Ultimately, you can put whatever logic you want in BuildAlloc. So it's more a question of can what you want to do be done more efficiently with multiple BuildAllocs per Alloc. And the answer is probably "maybe". But if that's the only way to support BuildAlloc with the current type system, then it's still a huge improvement over the limitations inherent to Box<T, A: Alloc>. Don't let perfect be the enemy of good, and whatnot.

TimDiekmann · 2019-05-05T19:02:19Z

How could BuildAlloc play together with #9?

gnzlbg · 2019-05-05T20:58:31Z

Since you want to have multiple independent allocators, you cannot (efficiently) use approach 1.

I'm not sure why this is the case. If you put whatever you need in a static, or in a thread local, you can just have a ZST as an allocator, whose methods access it.

scott-maddox · 2019-05-06T21:26:48Z

Since you want to have multiple independent allocators, you cannot (efficiently) use approach 1.

I'm not sure why this is the case. If you put whatever you need in a static, or in a thread local, you can just have a ZST as an allocator, whose methods access it.

But they're not really multiple independent allocators then, are they? They're one allocator that pretends to be multiple allocators. And there's an overhead associated with that. If the allocators are truly separate, then you could, for example, safely make them !Send and !Sync and do away with all thread synchronization overhead (and avoid thread local storage overhead).

gnzlbg · 2019-05-07T07:25:49Z

But they're not really multiple independent allocators then, are they?

This is what I meant:

struct A; // my allocator type
fn foo() {
    static A0: A = A; // allocator 0
    static A1: A = A; // allocator 1
    #[derive(alloc_handle(A0))] struct AH0; // ZST handle to 0
    // for exposition only, the derive expands to this:
    impl Alloc for AH0 {
        fn alloc(...) -> ... { A0.alloc(...) }
        // ...
    }
    #[derive(alloc_handle(A1))] struct AH1; // ZST handle to 1
    let b0: Box<T, AH0>; // box using A0
    let b0: Box<T, AH0>; // another box using A0
    let b1: Box<T, AH1>;  // box using A1
    // ^^ all boxes are pointer sized cause the handle is a ZST
}

Whether you can have multiple handles to the same allocator or not, depends on your allocator impl. Whether you want to have one or multiple allocators, with different handles, is kind of up to you.
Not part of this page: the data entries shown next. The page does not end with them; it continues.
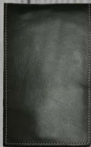
Eagle Yardage Cover #922941S (4.5" x 7.5")
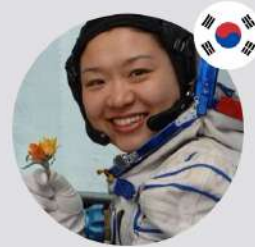
So-yeon Yi Astronaut, KARI (ret.)
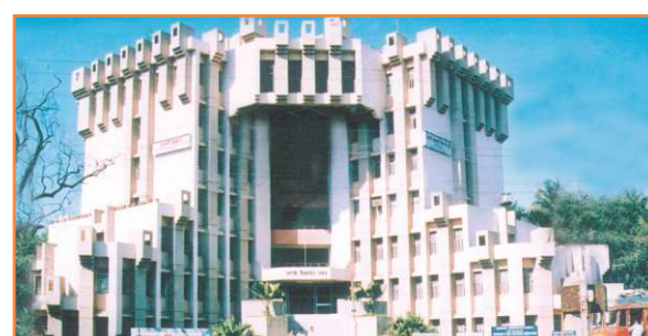
BVDU Institute of Management & Rural Development Administration Rajwada Chowk, Sangli – 416416 Tel. No. 0233 – 2325776, 2625776

If you can put your allocators in statics, or thread locals, then you can have zero-sized handles to them. If you cannot, then your handle needs to have some state to find the allocator, but I don't see any way around that.

SimonSapin · 2019-05-07T14:16:44Z

@gnzlbg This uses different Rust types for different handles, so there’s a bounded number of such types determined at compile-time.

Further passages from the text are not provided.